I was going about my random day...doo duh doo...trying to figure out a shopping trip with out-of-town friends and getting ready for my day when my best friend Sarah calls me to tell me that her car broke down out where she had a photo shoot that morning and asked if I could come pick her up. So off I went, completely clueless, to go pick her up at Stony Creek Metro Park.
When I pulled up and saw Sarah, she asked me to park and get out cause she wanted to show me something. I thought it was weird and I started getting suspicious. (at this point, I thought Steve was on his way to Michigan in a few hours, not knowing he had been there already) Then I saw a rose on Sarah's car and I knew. She gave me rose, grabbed my arm and started walking. She said "You know how much I love you, right?" "Of course I do." "Good, as long as you know." That's all we could exchange. We walked a 2 mile path - yes, crazy long! But every 200 yards or so I was met with another rose being held by some of the most important people in my life: First, my sweet friend Dalaina and her husband Byron, whose friendship grew out of Jeremy's death and our ability to connect of very deep levels about life and love. She's one of my sweetest friends, but also a woman I strive to be more like. As Sarah handed me off to them, they started walking me down the path, telling me what I meant to them. Tears were starting to come as I started to realize what was entailed in this 2 mile walk.
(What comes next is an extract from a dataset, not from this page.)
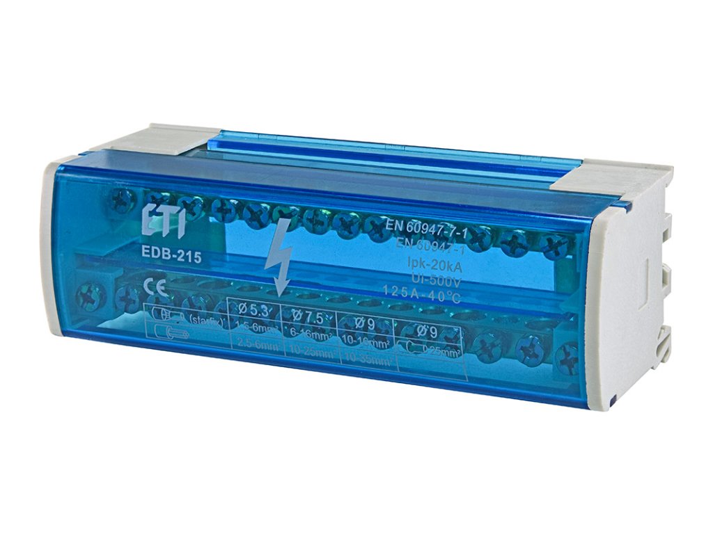 Expertný verdikt: Rozbočovací blok ETI EDB-215 je rozšírenou verziou obľúbeného modelu EDB-207. S kapacitou 15 svoriek na jeden pól je ideálny pre zložitejšie jednofázové rozvody alebo DC aplikácie, kde je potrebné pripojiť veľké množstvo výstupných okruhov (až 15+15). Robustná konštrukcia zvládne prúdy do 125 A a nahrádza neprehľadné zväzky vodičov pod jednou skrutkou.

Next I met Sarah's parents, who have taken me in as their own, helped me with the kids, supported me, donated their time and advice, and have loved me and my kids a ridiculous amount.
After that came Chris and Kristan: these two have shared so much history with me, children being born together (their daughter Tori was born the same day as Carter), and so many memories. They have loved me, laughed with me, challenged me, and taught me about life.
Next was John and Bekka - these two stepped up and took care of me and my family when Jeremy died and have become some of my best friends because of it. They were the people I called on when I needed something, and I always knew they'd be there. They are some of the most self-sacrificing people I know.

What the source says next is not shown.